The 1979–80 South Alabama Jaguars basketball team represented the University of South Alabama during the 1979–80 NCAA Division I men's basketball season. The Jaguars were led by head coach Cliff Ellis, in his fifth year as head coach. They played their home games at the Mobile Civic Center, and were members of the Sun Belt Conference. South Alabama finished the season 23–6, 12–2 in Sun Belt play to finish in first place. They were upset by Jacksonville in the Sun Belt tournament, but did receive an at-large bid to the 1980 NCAA tournament as the No. 8 seed in the Midwest region.

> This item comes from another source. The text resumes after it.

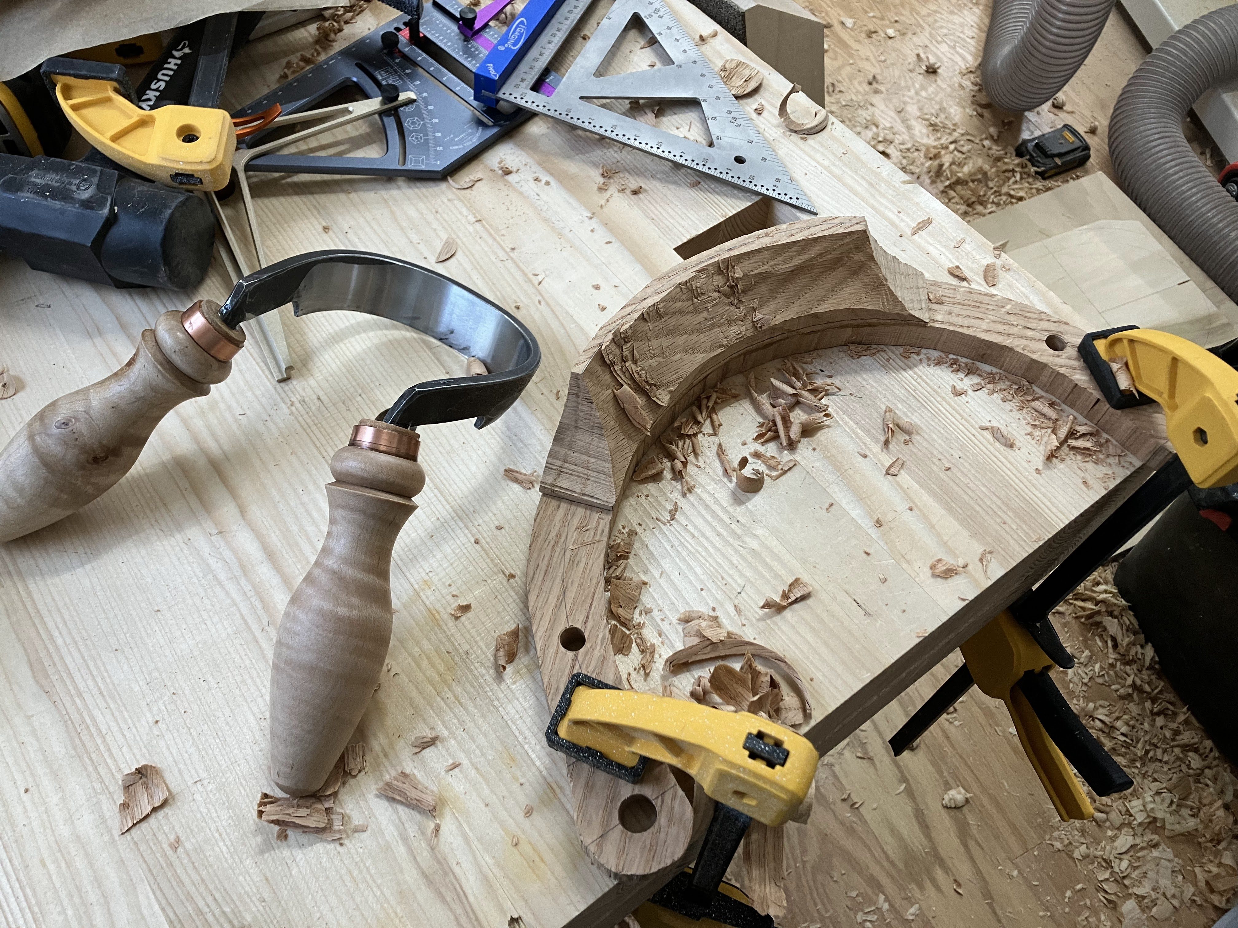 After all the mortises were drilled, I glued on the top piece onto the armbow. I used a scorp to shape the concave section. In the book, Chris uses a bandsaw to rough out the angle, but I thought tilting the table would be more work than just hogging off the material by hand. With the benefit of hindsight, tilting the bandsaw table probably would have been easier. I did get a good workout, though.

In the opening round, the Jaguars lost to Alcorn State, 70–62.

==Schedule and results==

| Regular season |

| Date time, TV | Rank^{#} | Opponent^{#} | Result | Record | Site (attendance) city, state |
Regular season
| Dec 1, 1979* |  | at No. 10 Louisville | L 73–75 | 0–1 | Freedom Hall Louisville, Kentucky |
| Dec 3, 1979* |  | McNeese State | W 61–58 | 1–1 | Jaguar Gym Mobile, Alabama |
| Dec 7, 1979* |  | at Tennessee Tech | W 97–68 | 2–1 | Eblen Center Cookeville, Tennessee |
| Dec 8, 1979* |  | at Middle Tennessee | W 55–49 | 3–1 | Murphy Center Murfreesboro, Tennessee |
| Dec 13, 1979* |  | at Hardin-Simmons | W 81–63 | 4–1 |  |
| Dec 15, 1979* |  | Oregon Tech | W 98–62 | 5–1 | Jaguar Gym Mobile, Alabama |
| Dec 17, 1979 |  | at VCU | W 60–56 | 6–1 (1–0) | Richmond Coliseum Richmond, Virginia |
| Dec 19, 1979 |  | at New Orleans | W 65–54 | 7–1 (2–0) | Human Performance Center New Orleans, Louisiana |
| Dec 27, 1979* |  | Rider Senior Bowl | W 101–72 | 8–1 | Jaguar Gym Mobile, Alabama |
| Dec 28, 1979* |  | Alcorn State Senior Bowl | L 77–82 | 8–2 | Jaguar Gym Mobile, Alabama |
| Jan 3, 1980* |  | Missouri Baptist | W 105–47 | 9–2 | Jaguar Gym Mobile, Alabama |
| Jan 5, 1980 |  | VCU | L 74–87 | 9–3 (2–1) | Jaguar Gym Mobile, Alabama |
| Jan 7, 1980 |  | at Georgia State | W 70–61 | 10–3 (3–1) | GSU Sports Arena Atlanta, Georgia |
| Jan 9, 1980 |  | at Jacksonville | W 64–63 | 11–3 (4–1) | Jacksonville Coliseum Jacksonville, Florida |
| Jan 13, 1980 |  | South Florida | W 85–55 | 12–3 (5–1) | Jaguar Gym Mobile, Alabama |
| Jan 16, 1980 |  | Georgia State | W 70–59 | 13–3 (6–1) | Jaguar Gym Mobile, Alabama |
| Jan 18, 1980 |  | New Orleans | W 74–56 | 14–3 (7–1) | Jaguar Gym Mobile, Alabama |
| Jan 24, 1980 |  | UAB | L 62–70 | 14–4 (7–2) | Mobile Civic Center (10,513) Mobile, Alabama |
| Jan 26, 1980 |  | at UNC Charlotte | W 80–69 | 15–4 (8–2) | Independence Arena Charlotte, North Carolina |
| Jan 28, 1980 |  | at South Florida | W 88–72 | 16–4 (9–2) | Curtis Hixon Hall Tampa, Florida |
| Jan 30, 1980 |  | UNC Charlotte | W 66–65 | 17–4 (10–2) | Jaguar Gym Mobile, Alabama |
| Feb 4, 1980 |  | Jacksonville | W 65–58 | 18–4 (11–2) | Jaguar Gym Mobile, Alabama |
| Feb 7, 1980* |  | at Georgia Southern | W 94–79 | 19–4 | Hanner Fieldhouse Statesboro, Georgia |
| Feb 12, 1980* |  | Georgia Southern | W 89–61 | 20–4 | Jaguar Gym Mobile, Alabama |
| Feb 15, 1980* |  | Hardin-Simmons | W 76–64 | 21–4 | Jaguar Gym Mobile, Alabama |
| Feb 17, 1980 |  | at UAB | W 66–65 | 22–4 (12–2) | BJCC Arena (8,352) Birmingham, Alabama |
Sun Belt Conference tournament
| Feb 23, 1980* |  | vs. South Florida Quarterfinals | W 86–57 | 23–4 | Charlotte Coliseum Charlotte, North Carolina |
| Feb 24, 1980* |  | vs. VCU Semifinals | L 72–74 | 23–5 | Charlotte Coliseum Charlotte, North Carolina |
NCAA tournament
| Mar 7, 1980* | (9 MW) | vs. (8 MW) Alcorn State First round | L 62–70 | 23–6 | UNT Coliseum Denton, Texas |
*Non-conference game. ^{#}Rankings from AP Poll. (#) Tournament seedings in parentheses. MW=Midwest. All times are in Central Time.